┌────────

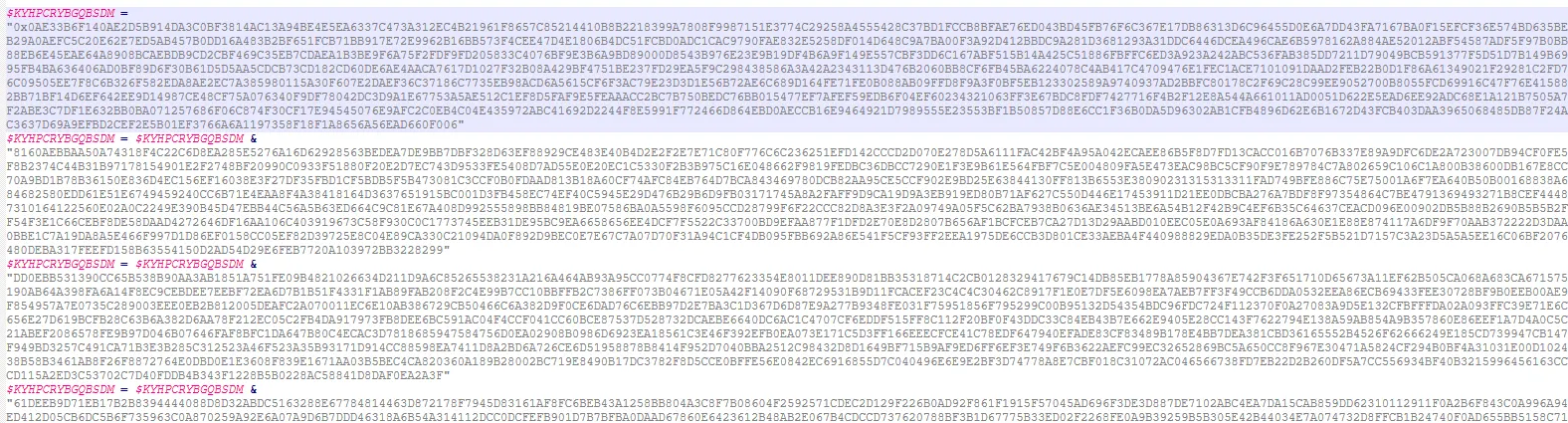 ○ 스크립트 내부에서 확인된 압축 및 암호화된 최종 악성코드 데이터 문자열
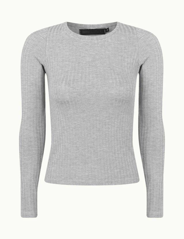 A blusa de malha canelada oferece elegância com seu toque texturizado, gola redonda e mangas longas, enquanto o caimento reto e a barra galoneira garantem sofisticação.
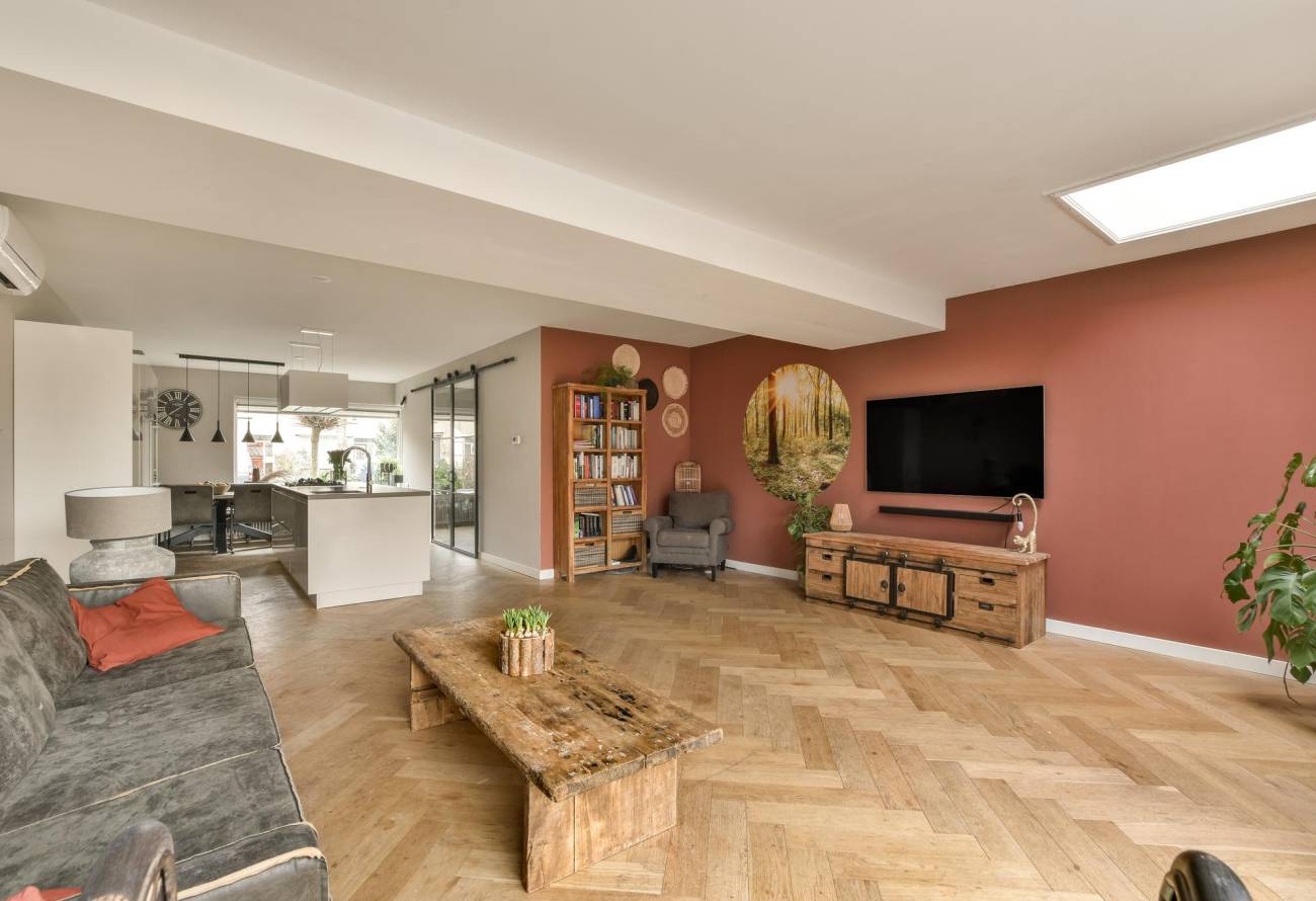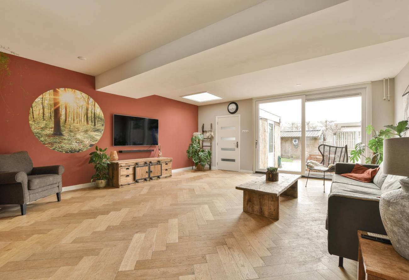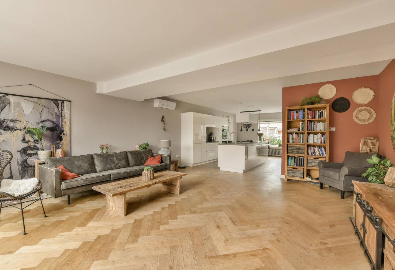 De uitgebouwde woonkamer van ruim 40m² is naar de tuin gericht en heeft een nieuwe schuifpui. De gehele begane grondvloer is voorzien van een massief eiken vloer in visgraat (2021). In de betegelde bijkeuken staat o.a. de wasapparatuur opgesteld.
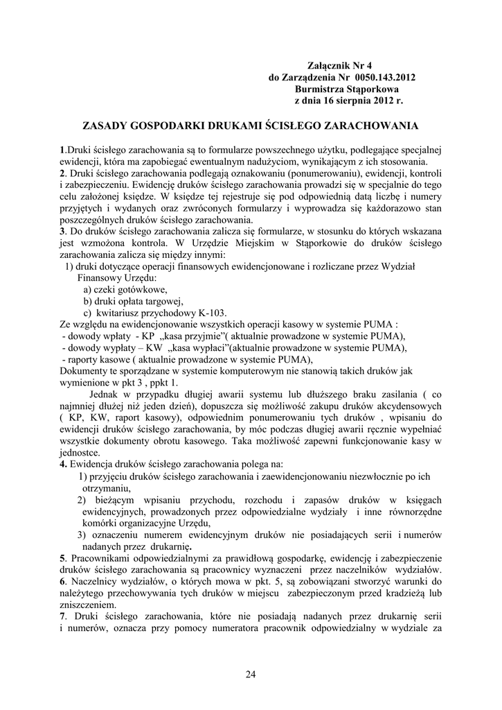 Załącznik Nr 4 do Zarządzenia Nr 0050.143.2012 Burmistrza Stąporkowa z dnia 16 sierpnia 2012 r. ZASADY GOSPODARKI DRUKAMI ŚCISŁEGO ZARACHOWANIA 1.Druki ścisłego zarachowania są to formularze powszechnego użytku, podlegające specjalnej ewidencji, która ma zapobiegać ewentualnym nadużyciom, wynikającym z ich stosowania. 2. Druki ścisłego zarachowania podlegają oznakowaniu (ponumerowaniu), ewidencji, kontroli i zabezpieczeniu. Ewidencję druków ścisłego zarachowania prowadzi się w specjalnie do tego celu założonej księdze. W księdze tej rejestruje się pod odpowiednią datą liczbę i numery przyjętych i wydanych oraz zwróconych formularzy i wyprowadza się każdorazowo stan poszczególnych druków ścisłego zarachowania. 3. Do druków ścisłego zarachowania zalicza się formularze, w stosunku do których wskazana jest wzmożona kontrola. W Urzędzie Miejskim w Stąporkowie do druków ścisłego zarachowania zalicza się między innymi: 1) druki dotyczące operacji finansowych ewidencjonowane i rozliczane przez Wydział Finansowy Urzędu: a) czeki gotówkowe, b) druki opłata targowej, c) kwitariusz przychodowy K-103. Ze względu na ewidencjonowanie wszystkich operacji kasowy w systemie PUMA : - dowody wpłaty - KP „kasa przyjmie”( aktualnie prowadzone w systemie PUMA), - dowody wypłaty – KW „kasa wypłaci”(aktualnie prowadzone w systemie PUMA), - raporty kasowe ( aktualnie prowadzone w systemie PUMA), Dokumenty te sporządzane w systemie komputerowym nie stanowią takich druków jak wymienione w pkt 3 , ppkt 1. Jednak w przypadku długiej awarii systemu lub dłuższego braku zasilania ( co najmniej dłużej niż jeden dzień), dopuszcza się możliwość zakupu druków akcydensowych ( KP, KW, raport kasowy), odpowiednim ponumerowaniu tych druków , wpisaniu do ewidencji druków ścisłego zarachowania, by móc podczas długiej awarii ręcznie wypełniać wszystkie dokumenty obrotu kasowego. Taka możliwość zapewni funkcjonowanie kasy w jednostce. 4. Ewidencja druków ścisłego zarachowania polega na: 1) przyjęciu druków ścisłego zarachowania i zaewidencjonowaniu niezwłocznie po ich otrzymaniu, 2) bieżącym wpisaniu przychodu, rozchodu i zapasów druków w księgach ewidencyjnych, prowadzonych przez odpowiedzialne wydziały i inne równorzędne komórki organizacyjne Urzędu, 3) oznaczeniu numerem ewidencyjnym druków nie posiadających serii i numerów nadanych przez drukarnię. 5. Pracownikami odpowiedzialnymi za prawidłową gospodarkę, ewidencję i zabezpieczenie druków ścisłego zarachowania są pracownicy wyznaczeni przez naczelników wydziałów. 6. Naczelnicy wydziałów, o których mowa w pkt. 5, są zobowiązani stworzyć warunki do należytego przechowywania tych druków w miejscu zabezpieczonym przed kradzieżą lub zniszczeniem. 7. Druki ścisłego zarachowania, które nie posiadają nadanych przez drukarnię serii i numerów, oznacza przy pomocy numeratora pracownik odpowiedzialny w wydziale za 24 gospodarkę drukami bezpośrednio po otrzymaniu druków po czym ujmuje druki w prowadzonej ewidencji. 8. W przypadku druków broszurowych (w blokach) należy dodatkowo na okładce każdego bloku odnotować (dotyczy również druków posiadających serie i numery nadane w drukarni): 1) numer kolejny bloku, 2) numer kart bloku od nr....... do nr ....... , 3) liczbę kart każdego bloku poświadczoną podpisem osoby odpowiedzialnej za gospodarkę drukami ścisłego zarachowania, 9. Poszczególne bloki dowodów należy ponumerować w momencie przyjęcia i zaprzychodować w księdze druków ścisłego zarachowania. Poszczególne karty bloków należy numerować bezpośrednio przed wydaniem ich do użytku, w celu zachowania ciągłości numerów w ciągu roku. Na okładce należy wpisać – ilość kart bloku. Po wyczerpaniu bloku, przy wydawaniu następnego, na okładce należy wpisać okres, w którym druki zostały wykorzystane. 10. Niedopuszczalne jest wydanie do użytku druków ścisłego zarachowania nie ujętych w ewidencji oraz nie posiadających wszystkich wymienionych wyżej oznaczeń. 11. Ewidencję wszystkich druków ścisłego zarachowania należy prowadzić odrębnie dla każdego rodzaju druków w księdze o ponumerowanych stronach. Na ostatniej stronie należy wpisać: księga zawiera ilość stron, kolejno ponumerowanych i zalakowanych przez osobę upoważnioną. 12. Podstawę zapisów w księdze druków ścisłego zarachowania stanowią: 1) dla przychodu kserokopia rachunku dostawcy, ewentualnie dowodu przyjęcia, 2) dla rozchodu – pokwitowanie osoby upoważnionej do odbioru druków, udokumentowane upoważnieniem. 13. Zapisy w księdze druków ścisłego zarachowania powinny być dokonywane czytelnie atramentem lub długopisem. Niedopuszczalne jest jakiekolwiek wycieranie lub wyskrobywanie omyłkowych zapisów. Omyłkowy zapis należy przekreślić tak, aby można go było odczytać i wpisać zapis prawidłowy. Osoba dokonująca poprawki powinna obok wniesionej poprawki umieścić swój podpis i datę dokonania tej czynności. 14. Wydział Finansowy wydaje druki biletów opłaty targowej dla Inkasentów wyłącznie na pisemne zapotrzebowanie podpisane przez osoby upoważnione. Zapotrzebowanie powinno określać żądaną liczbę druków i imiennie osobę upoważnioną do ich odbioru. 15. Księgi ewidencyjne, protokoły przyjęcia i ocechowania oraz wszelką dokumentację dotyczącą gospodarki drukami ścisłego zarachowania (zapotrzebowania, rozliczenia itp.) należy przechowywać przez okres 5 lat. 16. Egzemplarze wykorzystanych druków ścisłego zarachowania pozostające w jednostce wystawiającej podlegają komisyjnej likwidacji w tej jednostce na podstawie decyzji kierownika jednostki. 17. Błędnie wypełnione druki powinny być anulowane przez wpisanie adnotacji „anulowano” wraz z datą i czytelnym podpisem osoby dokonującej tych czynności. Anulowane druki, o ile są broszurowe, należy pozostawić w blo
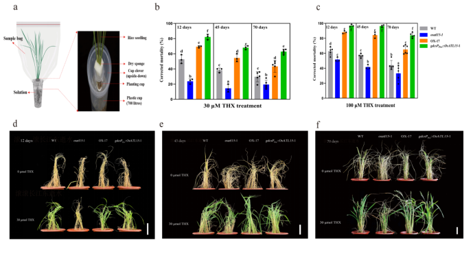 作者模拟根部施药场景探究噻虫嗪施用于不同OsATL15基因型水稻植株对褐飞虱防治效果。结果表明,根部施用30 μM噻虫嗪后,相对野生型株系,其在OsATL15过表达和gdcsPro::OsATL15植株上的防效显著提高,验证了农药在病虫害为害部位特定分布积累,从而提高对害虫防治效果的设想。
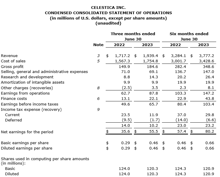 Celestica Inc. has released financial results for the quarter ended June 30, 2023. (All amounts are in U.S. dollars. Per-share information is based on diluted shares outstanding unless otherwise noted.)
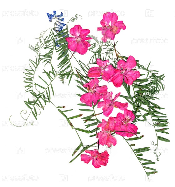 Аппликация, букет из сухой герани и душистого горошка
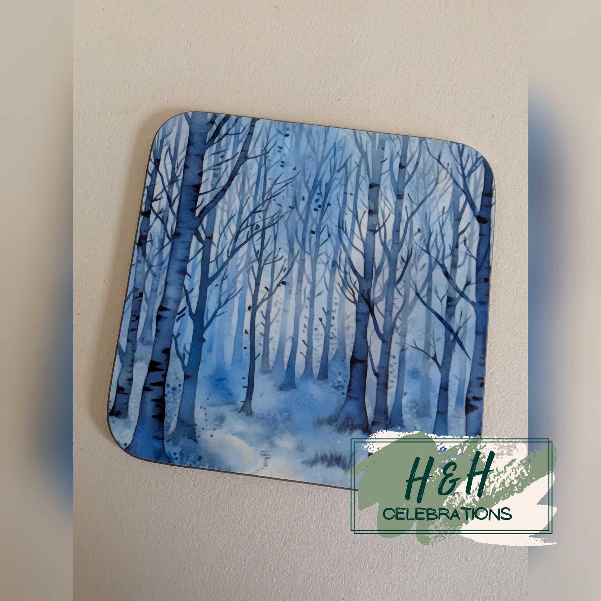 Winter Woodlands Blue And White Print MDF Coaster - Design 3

└────────

Assignment:
With the pictures left out, output all the entries exactly.

Completed task:
 ○ 스크립트 내부에서 확인된 압축 및 암호화된 최종 악성코드 데이터 문자열
 A blusa de malha canelada oferece elegância com seu toque texturizado, gola redonda e mangas longas, enquanto o caimento reto e a barra galoneira garantem sofisticação.
 De uitgebouwde woonkamer van ruim 40m² is naar de tuin gericht en heeft een nieuwe schuifpui. De gehele begane grondvloer is voorzien van een massief eiken vloer in visgraat (2021). In de betegelde bijkeuken staat o.a. de wasapparatuur opgesteld.
 Załącznik Nr 4 do Zarządzenia Nr 0050.143.2012 Burmistrza Stąporkowa z dnia 16 sierpnia 2012 r. ZASADY GOSPODARKI DRUKAMI ŚCISŁEGO ZARACHOWANIA 1.Druki ścisłego zarachowania są to formularze powszechnego użytku, podlegające specjalnej ewidencji, która ma zapobiegać ewentualnym nadużyciom, wynikającym z ich stosowania. 2. Druki ścisłego zarachowania podlegają oznakowaniu (ponumerowaniu), ewidencji, kontroli i zabezpieczeniu. Ewidencję druków ścisłego zarachowania prowadzi się w specjalnie do tego celu założonej księdze. W księdze tej rejestruje się pod odpowiednią datą liczbę i numery przyjętych i wydanych oraz zwróconych formularzy i wyprowadza się każdorazowo stan poszczególnych druków ścisłego zarachowania. 3. Do druków ścisłego zarachowania zalicza się formularze, w stosunku do których wskazana jest wzmożona kontrola. W Urzędzie Miejskim w Stąporkowie do druków ścisłego zarachowania zalicza się między innymi: 1) druki dotyczące operacji finansowych ewidencjonowane i rozliczane przez Wydział Finansowy Urzędu: a) czeki gotówkowe, b) druki opłata targowej, c) kwitariusz przychodowy K-103. Ze względu na ewidencjonowanie wszystkich operacji kasowy w systemie PUMA : - dowody wpłaty - KP „kasa przyjmie”( aktualnie prowadzone w systemie PUMA), - dowody wypłaty – KW „kasa wypłaci”(aktualnie prowadzone w systemie PUMA), - raporty kasowe ( aktualnie prowadzone w systemie PUMA), Dokumenty te sporządzane w systemie komputerowym nie stanowią takich druków jak wymienione w pkt 3 , ppkt 1. Jednak w przypadku długiej awarii systemu lub dłuższego braku zasilania ( co najmniej dłużej niż jeden dzień), dopuszcza się możliwość zakupu druków akcydensowych ( KP, KW, raport kasowy), odpowiednim ponumerowaniu tych druków , wpisaniu do ewidencji druków ścisłego zarachowania, by móc podczas długiej awarii ręcznie wypełniać wszystkie dokumenty obrotu kasowego. Taka możliwość zapewni funkcjonowanie kasy w jednostce. 4. Ewidencja druków ścisłego zarachowania polega na: 1) przyjęciu druków ścisłego zarachowania i zaewidencjonowaniu niezwłocznie po ich otrzymaniu, 2) bieżącym wpisaniu przychodu, rozchodu i zapasów druków w księgach ewidencyjnych, prowadzonych przez odpowiedzialne wydziały i inne równorzędne komórki organizacyjne Urzędu, 3) oznaczeniu numerem ewidencyjnym druków nie posiadających serii i numerów nadanych przez drukarnię. 5. Pracownikami odpowiedzialnymi za prawidłową gospodarkę, ewidencję i zabezpieczenie druków ścisłego zarachowania są pracownicy wyznaczeni przez naczelników wydziałów. 6. Naczelnicy wydziałów, o których mowa w pkt. 5, są zobowiązani stworzyć warunki do należytego przechowywania tych druków w miejscu zabezpieczonym przed kradzieżą lub zniszczeniem. 7. Druki ścisłego zarachowania, które nie posiadają nadanych przez drukarnię serii i numerów, oznacza przy pomocy numeratora pracownik odpowiedzialny w wydziale za 24 gospodarkę drukami bezpośrednio po otrzymaniu druków po czym ujmuje druki w prowadzonej ewidencji. 8. W przypadku druków broszurowych (w blokach) należy dodatkowo na okładce każdego bloku odnotować (dotyczy również druków posiadających serie i numery nadane w drukarni): 1) numer kolejny bloku, 2) numer kart bloku od nr....... do nr ....... , 3) liczbę kart każdego bloku poświadczoną podpisem osoby odpowiedzialnej za gospodarkę drukami ścisłego zarachowania, 9. Poszczególne bloki dowodów należy ponumerować w momencie przyjęcia i zaprzychodować w księdze druków ścisłego zarachowania. Poszczególne karty bloków należy numerować bezpośrednio przed wydaniem ich do użytku, w celu zachowania ciągłości numerów w ciągu roku. Na okładce należy wpisać – ilość kart bloku. Po wyczerpaniu bloku, przy wydawaniu następnego, na okładce należy wpisać okres, w którym druki zostały wykorzystane. 10. Niedopuszczalne jest wydanie do użytku druków ścisłego zarachowania nie ujętych w ewidencji oraz nie posiadających wszystkich wymienionych wyżej oznaczeń. 11. Ewidencję wszystkich druków ścisłego zarachowania należy prowadzić odrębnie dla każdego rodzaju druków w księdze o ponumerowanych stronach. Na ostatniej stronie należy wpisać: księga zawiera ilość stron, kolejno ponumerowanych i zalakowanych przez osobę upoważnioną. 12. Podstawę zapisów w księdze druków ścisłego zarachowania stanowią: 1) dla przychodu kserokopia rachunku dostawcy, ewentualnie dowodu przyjęcia, 2) dla rozchodu – pokwitowanie osoby upoważnionej do odbioru druków, udokumentowane upoważnieniem. 13. Zapisy w księdze druków ścisłego zarachowania powinny być dokonywane czytelnie atramentem lub długopisem. Niedopuszczalne jest jakiekolwiek wycieranie lub wyskrobywanie omyłkowych zapisów. Omyłkowy zapis należy przekreślić tak, aby można go było odczytać i wpisać zapis prawidłowy. Osoba dokonująca poprawki powinna obok wniesionej poprawki umieścić swój podpis i datę dokonania tej czynności. 14. Wydział Finansowy wydaje druki biletów opłaty targowej dla Inkasentów wyłącznie na pisemne zapotrzebowanie podpisane przez osoby upoważnione. Zapotrzebowanie powinno określać żądaną liczbę druków i imiennie osobę upoważnioną do ich odbioru. 15. Księgi ewidencyjne, protokoły przyjęcia i ocechowania oraz wszelką dokumentację dotyczącą gospodarki drukami ścisłego zarachowania (zapotrzebowania, rozliczenia itp.) należy przechowywać przez okres 5 lat. 16. Egzemplarze wykorzystanych druków ścisłego zarachowania pozostające w jednostce wystawiającej podlegają komisyjnej likwidacji w tej jednostce na podstawie decyzji kierownika jednostki. 17. Błędnie wypełnione druki powinny być anulowane przez wpisanie adnotacji „anulowano” wraz z datą i czytelnym podpisem osoby dokonującej tych czynności. Anulowane druki, o ile są broszurowe, należy pozostawić w blo
 作者模拟根部施药场景探究噻虫嗪施用于不同OsATL15基因型水稻植株对褐飞虱防治效果。结果表明,根部施用30 μM噻虫嗪后,相对野生型株系,其在OsATL15过表达和gdcsPro::OsATL15植株上的防效显著提高,验证了农药在病虫害为害部位特定分布积累,从而提高对害虫防治效果的设想。
 Celestica Inc. has released financial results for the quarter ended June 30, 2023. (All amounts are in U.S. dollars. Per-share information is based on diluted shares outstanding unless otherwise noted.)
 Аппликация, букет из сухой герани и душистого горошка
 Winter Woodlands Blue And White Print MDF Coaster - Design 3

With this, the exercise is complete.